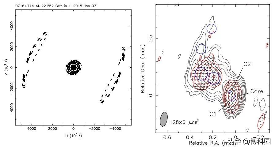 博科园-科学科普:“耀变体”对象(BL Lacertae objects, BL Lacs)是一种展现出比其他“耀变体”更低功率射流和更高多普勒因子的blazar。S5 0716+71是BL Lacs之一,以其在电磁波谱中的极端变异性而闻名,包括所谓的盘中变异性(IDV)。虽然IDV现象仍然困扰着科学家,但有证据表明它是由相对论射流固有的过程产生。S5 0716+71是目前观测到IDV有内在起源的最佳候选之一。因此,由俄罗斯列别捷夫物理研究所天体空间中心Evgeniya V. Kravchenko领导的一个天文学家团队决定使用Spektr-R以最佳角度分辨率研究S5 0716+71的射流结构,并研究其IDV的起源。
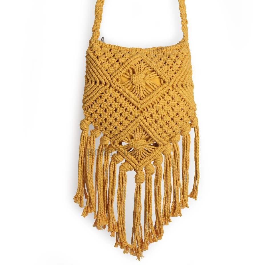 Sac à bandoulière en macramé jaune de style Boho fait à la main à partir de cordon de coton naturel pour dames tissé à la main en Inde
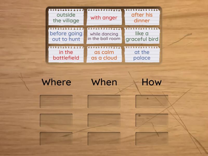 Where: in the battlefield, at the palace, outside the village, When: after his dinner, before going out to hunt, while dancing in the ball room, How: like a graceful bird, with anger, as calm as a cloud,
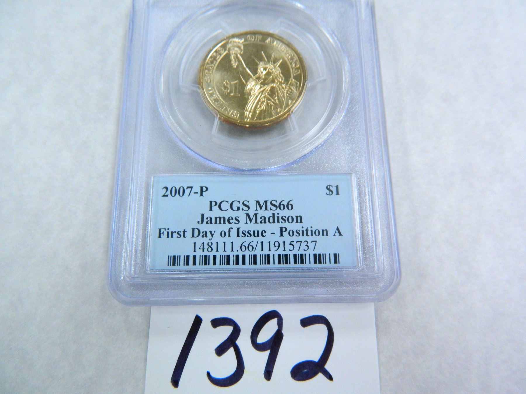 2007-P James Madison Dollar First Day of Issue, Position A, PCGS Graded MS66

--- --- ---

▶ _YOUR OBJECTIVE_
Set the preceding data down again word for word, omitting images.

▶ _FINAL ANSWER_
 博科园-科学科普:“耀变体”对象(BL Lacertae objects, BL Lacs)是一种展现出比其他“耀变体”更低功率射流和更高多普勒因子的blazar。S5 0716+71是BL Lacs之一,以其在电磁波谱中的极端变异性而闻名,包括所谓的盘中变异性(IDV)。虽然IDV现象仍然困扰着科学家,但有证据表明它是由相对论射流固有的过程产生。S5 0716+71是目前观测到IDV有内在起源的最佳候选之一。因此,由俄罗斯列别捷夫物理研究所天体空间中心Evgeniya V. Kravchenko领导的一个天文学家团队决定使用Spektr-R以最佳角度分辨率研究S5 0716+71的射流结构,并研究其IDV的起源。
 Sac à bandoulière en macramé jaune de style Boho fait à la main à partir de cordon de coton naturel pour dames tissé à la main en Inde
 Where: in the battlefield, at the palace, outside the village, When: after his dinner, before going out to hunt, while dancing in the ball room, How: like a graceful bird, with anger, as calm as a cloud,
 2007-P James Madison Dollar First Day of Issue, Position A, PCGS Graded MS66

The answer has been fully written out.